Sediment Fingerprinting in Intensively Managed Landscapes: Application of an Enhanced Bayesian Un-mixing Framework that accounts for Spatiotemporal Heterogeneity to Study Intra-Seasonal Trends in Source Contributions
Tuesday, 15 December 2015: 14:25
2005 (Moscone West)
We apply an enhanced revision of a Bayesian un-mixing framework for estimating sediment source contributions to an intensively managed watershed in the US Midwest that is characterized by spatiotemporal heterogeneity. The framework has two key parameters, namely a and b, that account for spatial origin attributes and the time history of sediments delivered to the watershed outlet, respectively. The probabilistic treatment of these parameters incorporates variability in source erosion processes, as well as the delivery times and storage of eroded material within the watershed.
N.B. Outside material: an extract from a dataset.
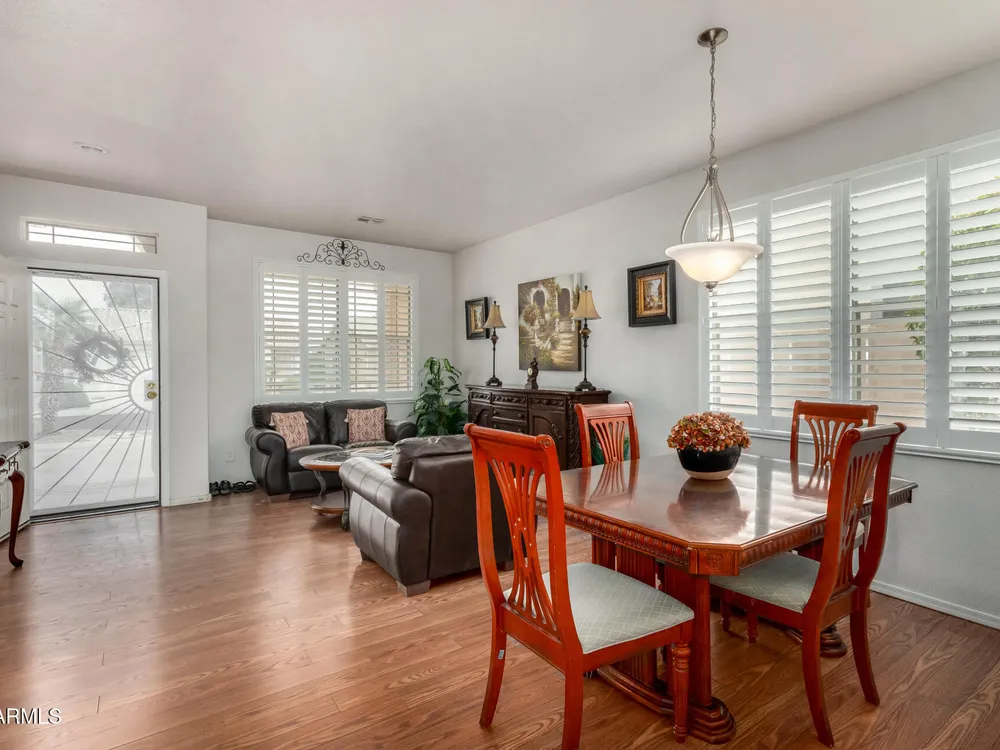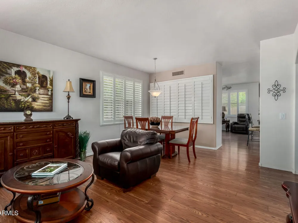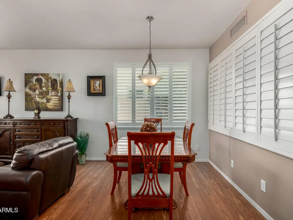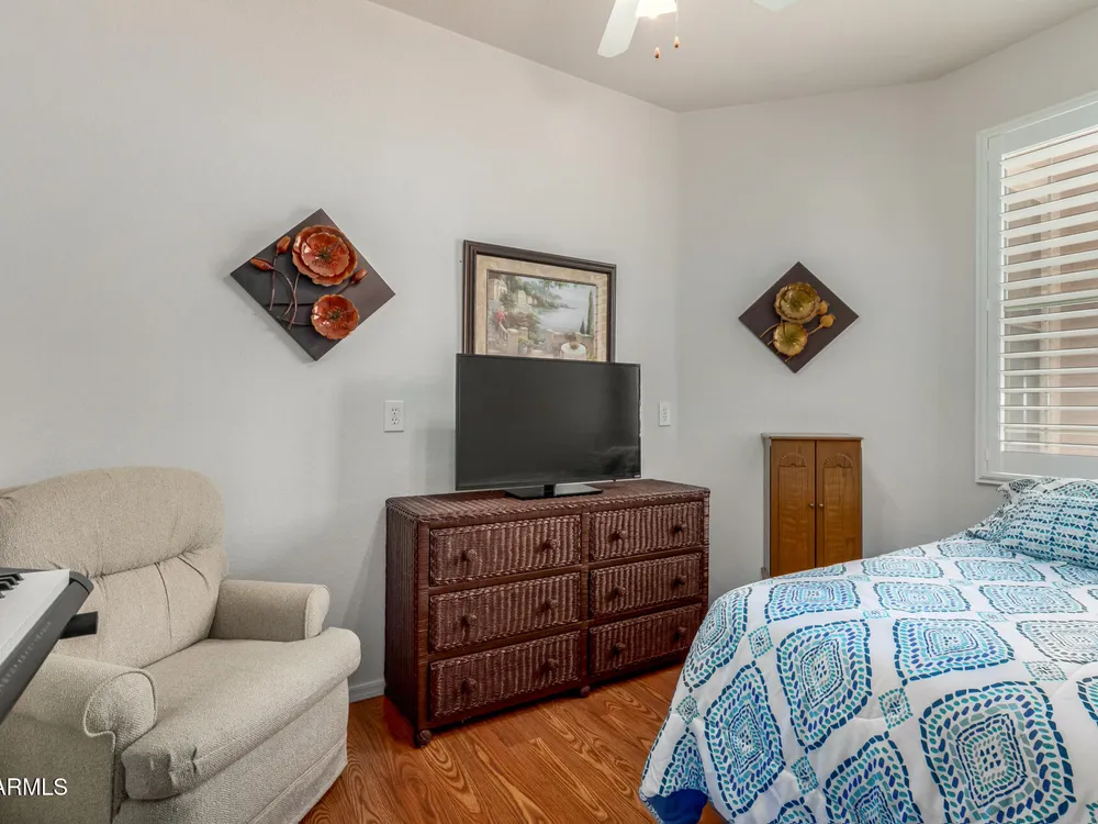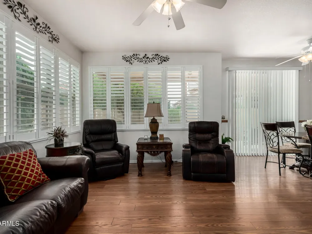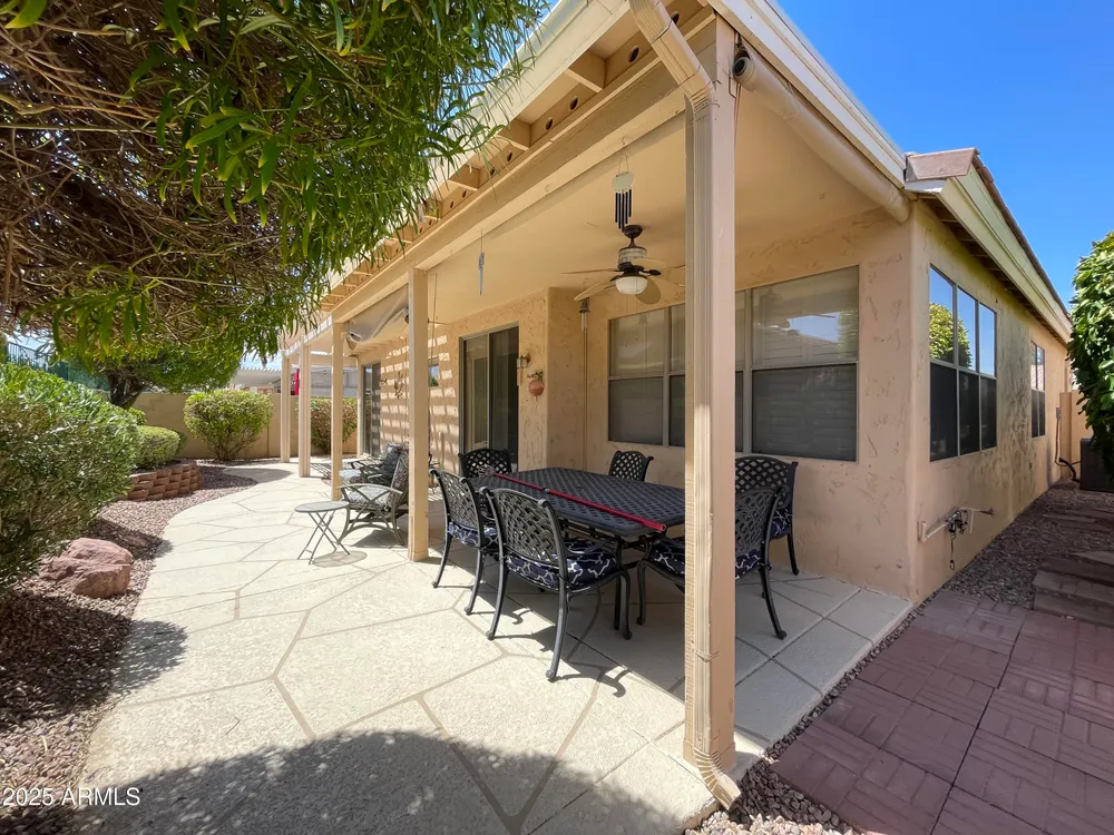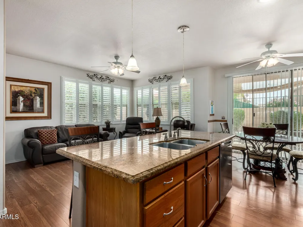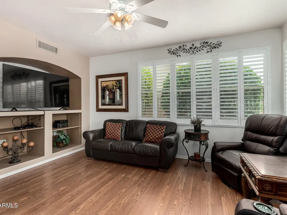 Presenting a beautifully maintained and expanded 2-bedroom plus den plus bonus room home in the Guard-Gated 55+ Arizona Traditions Resort Community! This spacious floor plan offers Formal Living and Dining areas, along with an open Great Room that combines the Family room, Kitchen, and Breakfast Nook. The open island kitchen features rich granite counters and newer stainless-steel appliances. The large primary suite includes two closets (one is a walk-in) an ensuite bath with updated Silestone counters, dual sinks, framed mirrors, and a private patio exit. A versatile den/office and a private bonus room off the Laundry provide space for crafts, sewing, storage, or a second home office. Gleaming wood laminate flooring flows throughout the main living areas and hallways, . . . with carpet in the bedrooms and tile in both baths and the flex room. Plantation shutters accent most windows. The backyard is fully fenced and designed for outdoor living, featuring an extended pergola patio cover (2020), extended stamped concrete, and lush desert landscaping highlighted by mature lemon and grapefruit trees that produce abundantly in season. The roof underlayment was replaced in May 2021. HVAC replaced in 2022. Additional features include garage cabinets, a workbench, utility sink and a water softener (disconnected, never used). This well-cared-for home is a must-see! There is an exciting array of amenities and social activity available to the residents of Arizona Traditions. The 20,400 sf clubhouse is the central hub for community activities. It includes a ballroom, arts and crafts studios, woodshop, sewing room, library and state-of-the-art fitness center. Residents enjoy three pools, a softball field, horseshoe pit, biking and walking trails, bocce ball, pickleball and tennis courts. The 18-hole Arizona Traditions Golf Course designed by Dick Bailey winds throughout the community. It provides an exciting and challenging round for golfers of all skill levels. After a round of golf, many residents like to gather with friends at the public Arizona Traditions Bar located in our clubhouse. Within a mile, there are numerous everyday shopping conveniences such as grocery stores, a pharmacy, hardware store, hair salons and restaurants. The Surprise Sports Complex is five minutes away and is home to Spring Training for the Texas Rangers and the Kansas City Royals. Plus, Arrowhead Mall, West Valley Art Museum, West Gate Entertainment Center, State Farm (Cardinal Stadium) and numerous other sporting venues are within 20 to 30 minutes.

Uncertainty in source contribution estimates in our approach is quantified naturally through the use of Markov Chain Monte Carlo simulations for estimating the posterior probability density functions. The studied watershed is the 26 km² South Amana Sub-Watershed located within the Clear Creek Watershed (CCW), IA, which is part of the Critical Zone Observatory for Intensively Managed Landscapes (IML-CZO). Utilizing stable isotopes of C and N, the Bayesian framework predicted trends in mean source contributions and uncertainty that were in agreement with observations from other studies. Terrestrial sources were found to dominate sediment contributions in the earlier stages of the growing season when land cover was small and the hydrologic forcing was large. Instream sources became more dominate during the latter stages when land cover was well-established and more extensive. Also, the effects of spatial heterogeneity and sediment travel time and delivery on uncertainty in sources contribution estimates were adequately captured. The results clearly showed a reduction in uncertainty when watershed connectivity was greatest and considerable amounts of material were delivered to the collection point at the outlet. On-going application of the framework to the Upper Sangamon River Basin (USRB), which also part of the IML-CZO and has distinct features from CCW, is expected to shed more light on the effects of connectivity and other landscape attributes on sediment source dynamics over the growing season.